Given this is a mutation tool (sending emails) with no annotations, no output schema, and 5 parameters, the description is incomplete. It doesn't address authentication, side effects, error cases, or return values. While the schema covers parameters well, the description fails to provide necessary context for safe and effective use, especially for a write operation.

Complex tools with many parameters or behaviors need more documentation. Simple tools need less. This dimension scales expectations accordingly.

Parameters3/5

Does the description clarify parameter syntax, constraints, interactions, or defaults beyond what the schema provides?

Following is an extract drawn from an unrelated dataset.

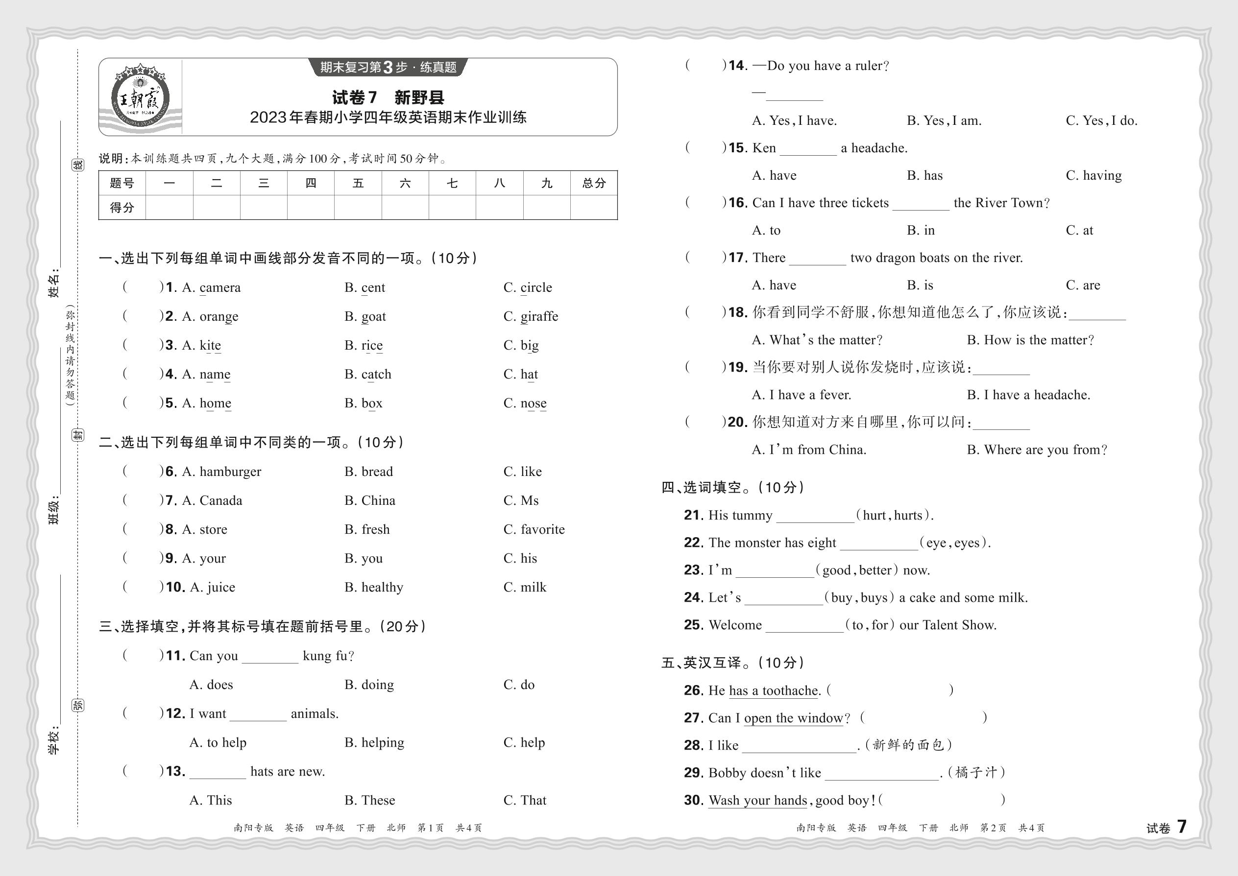 河南省南阳市新野县2023年春期小学四年级英语期末作业训练(北师版)【7】

Schema description coverage is 100%, with all parameters clearly documented in the input schema (e.g., 'to' as recipient email address). The description adds no parameter-specific information beyond what the schema provides. According to scoring rules, when schema coverage is high (>80%), the baseline is 3 even with no param info in the description, which applies here.

Input schemas describe structure but not intent. Descriptions should explain non-obvious parameter relationships and valid value ranges.

Purpose4/5

Does the description clearly state what the tool does and how it differs from similar tools?

The description 'Send an email using Gmail' clearly states the action (send) and resource (email via Gmail), making the purpose immediately understandable. It distinguishes from sibling tools like gmail-get-email or gmail-read-emails by focusing on sending rather than retrieving. However, it doesn't specify if this is for single emails or batches, which prevents a perfect score.

Agents choose between tools based on descriptions. A clear purpose with a specific verb and resource helps agents select the right tool.

Usage Guidelines2/5

Does the description explain when to use this tool, when not to, or what alternatives exist?

The description provides no guidance on when to use this tool versus alternatives. It doesn't mention prerequisites (e.g., authentication needs), when not to use it (e.g., for reading emails), or compare it to similar tools like calendar-create-event for scheduling communications. This leaves the agent without context for appropriate tool selection.

Agents often have multiple tools that could apply. Explicit usage guidance like "use X instead of Y when Z" prevents misuse.